I felt like Odysseus’s dog at the end of the epic when my loved ones returned home and I let the burden I carried die in relief. Even with relief from the stress, the next day my stomach still felt a little funny and I told Ed. “We’re taking you to the emergency room when you get off of work.” Okay, cool, I thought nonchalantly. Again after work he was asked how I was feeling. I thought maybe I hadn’t packed enough for lunch, because I had the shakes. “We’re taking you to the emergency room,” he repeated. He said he was afraid I might have Sepsis, saying that the heat flashes I was having weren’t from hormones stabilizing, those were fevers, and the lethargy and other symptoms I was having also weren’t part of the healing process from having a baby. From getting picked up at work at seven at night to being discharged at three in the morning I sat in the ER, trying to find the most opportune times to sleep, thinking I would go back to work in a few hours and not even get the chance to lay my head on my pillow. One knit baby bootie, a shot (with a lot of fluid, the nurse emphasized), and four pills later, and I got a signature for a day off of work and felt like I had made a great accomplishment for the benefit of my family. I guess I’m not used to taking care of myself.

Birds of a Feather

Love blossoms

I strained to get a head start on my sleep with lights and chaos around me. This was nowhere near as bad as the times I worked overnight at a fast food chain. Knocking on our door interrupted my dreams, followed by Steve’s booming voice. “Can we come in?” I mentally examined my condition, belly down under the sheets and in PJs. I’m covered. Alice was curled on top of the bed in a robe, and Bailey was still fully dressed.

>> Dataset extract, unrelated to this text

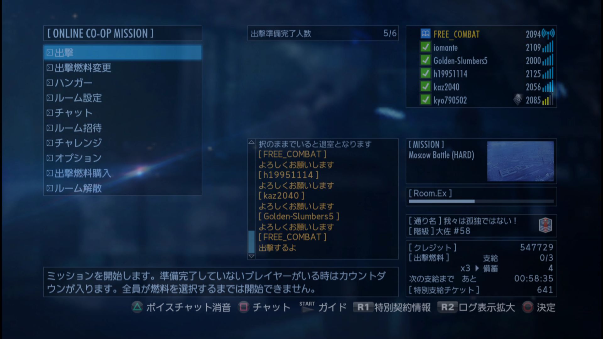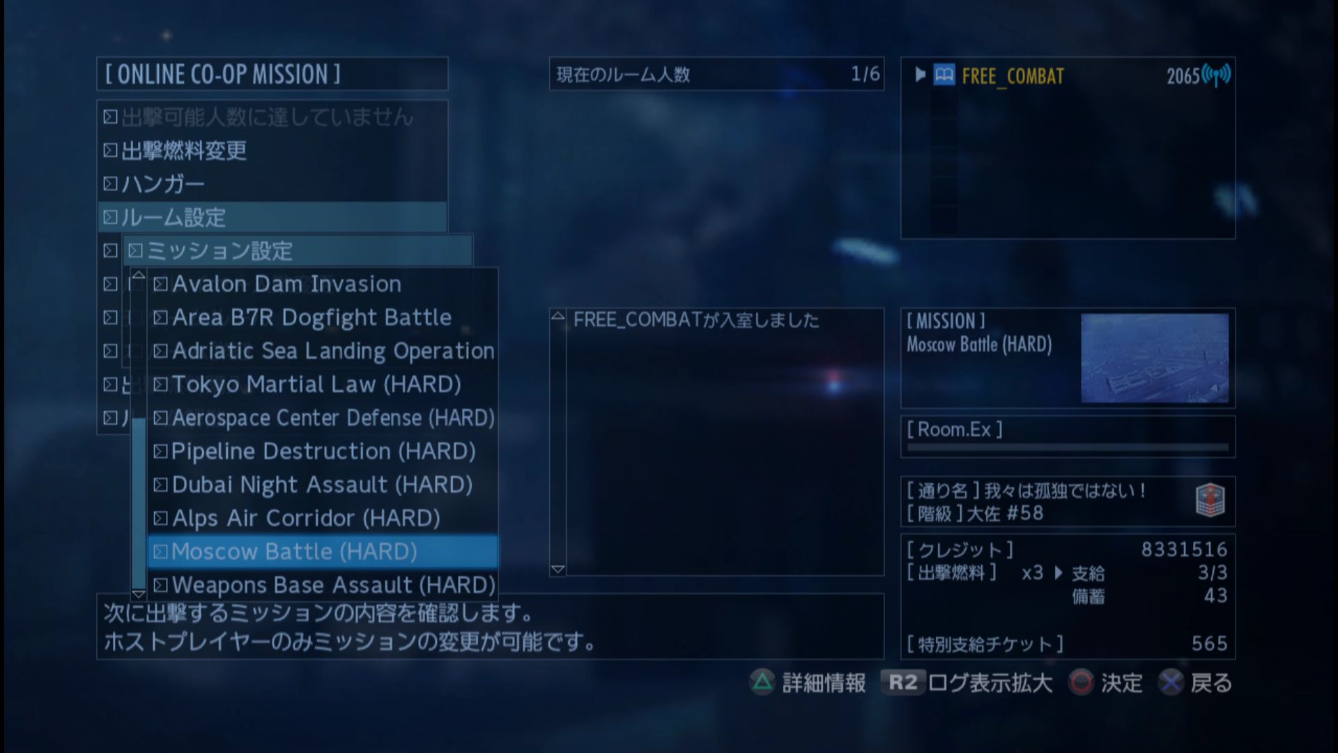 ミッションを、Moscow Battle(HARD)にセット

“Yeah, come in,” Ed called.

Steve and Daisy came in and announced that they’d just gotten back from a date at IHOP with another woman. “We’re polyamorous!” Daisy proclaimed as though announcing an engagement.

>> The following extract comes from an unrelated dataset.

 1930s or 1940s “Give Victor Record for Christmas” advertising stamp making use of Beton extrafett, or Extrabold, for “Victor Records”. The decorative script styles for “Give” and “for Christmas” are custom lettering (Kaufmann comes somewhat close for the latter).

Steve interrupted her. “Not so fast, it was one date.” Edward agreed, saying it takes about 12 dates to know for sure, and two years to iron out the wrinkles. No, more like one and a half. Bailey said definitely two years. They met her on that cupid-dating site, and she was still in her scrubs. They showed us her pictures from her profile. Ed thinks he recognizes her. Leave it to my husband with his social prowess to know everybody. I saw her picture and realized I might know her too. Daisy was very high in spirits, describing how their new friend was surprised that there were so many other polyamorous people, having believed that she was the only one, and Daisy had bragged to her about the relationships that she had been in.

I had a flashback to being evaluated in the psychologist’s office as according to the court order. “Do you know others that have a relationship like yours?” she’d asked me. No, we were the only ones I knew. We hadn’t been inspired by anyone else’s example or anything, it just happened.

Now I see maybe we did inspire something.

Steve reminded Ed of how he’d sworn before that he was monogamous, having experimented with having sex with more than one woman at a time. “It’s completely different, though, when you really get to know each other.”

“Exactly!” Ed agreed. He swears he must have an emotional connection with someone to even consider sleeping with them. Because I’m the same way (I assumed everyone was) I never doubt his faithfulness. They continued on about sapiophilia and demiphilia and forniphilia and I tried halfheartedly to go back to sleep.

By the time their relationship gets serious I hope they’ve moved out.